I’ve been following the endless Edward Snowden soap opera just about non-stop for the past few days. I wish I were capable of writing a reasoned, logically argued post right now, but I’m not. This whole story has just become too crazy. I just can’t guarantee that this post will make a lot of sense, so I’ll just begin by posting Snowden’s statement. I’ve added emphasis to a few passages.
Statement from Edward Snowden in Moscow
Monday July 1, 21:40 UTC
One week ago I left Hong Kong after it became clear that my freedom and safety were under threat for revealing the truth. My continued liberty has been owed to the efforts of friends new and old, family, and others who I have never met and probably never will. I trusted them with my life and they returned that trust with a faith in me for which I will always be thankful.
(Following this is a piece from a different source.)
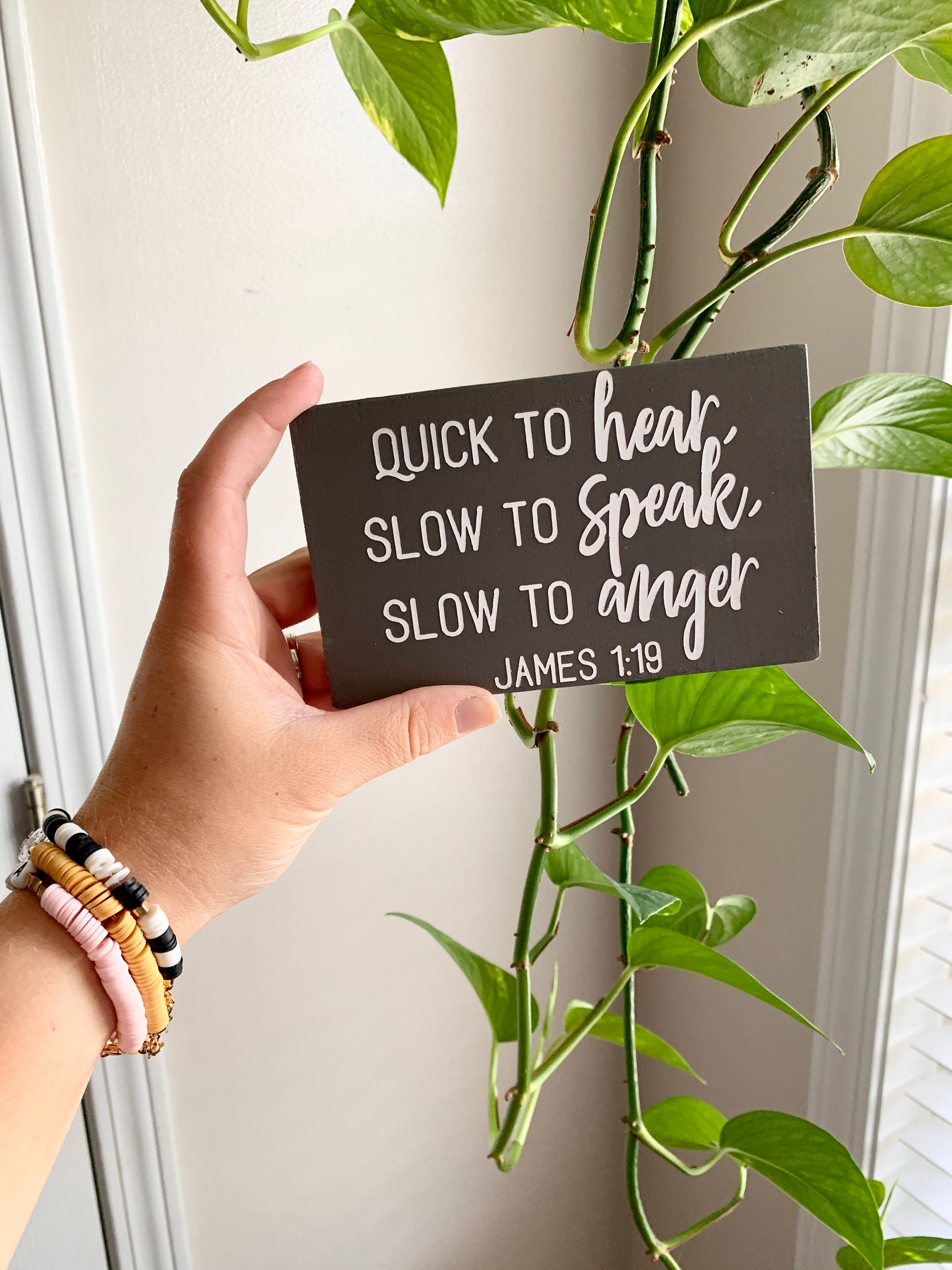 Quick to Hear, Slow to Speak, Slow to Anger James 1:19 Mini Wood Sign

On Thursday, President Obama declared before the world that he would not permit any diplomatic “wheeling and dealing” over my case. Yet now it is being reported that after promising not to do so, the President ordered his Vice President to pressure the leaders of nations from which I have requested protection to deny my asylum petitions.
This kind of deception from a world leader is not justice, and neither is the extralegal penalty of exile. These are the old, bad tools of political aggression. Their purpose is to frighten, not me, but those who would come after me.
For decades the United States of America have [sic] been one of the strongest defenders of the human right to seek asylum. Sadly, this right, laid out and voted for by the U.S. in Article 14 of the Universal Declaration of Human Rights, is now being rejected by the current government of my country. The Obama administration has now adopted the strategy of using citizenship as a weapon. Although I am convicted of nothing, it has unilaterally revoked my passport, leaving me a stateless person. Without any judicial order, the administration now seeks to stop me exercising a basic right. A right that belongs to everybody. The right to seek asylum.
In the end the Obama administration is not afraid of whistleblowers like me, Bradley Manning or Thomas Drake. We are stateless, imprisoned, or powerless. No, the Obama administration is afraid of you. It is afraid of an informed, angry public demanding the constitutional government it was promised — and it should be.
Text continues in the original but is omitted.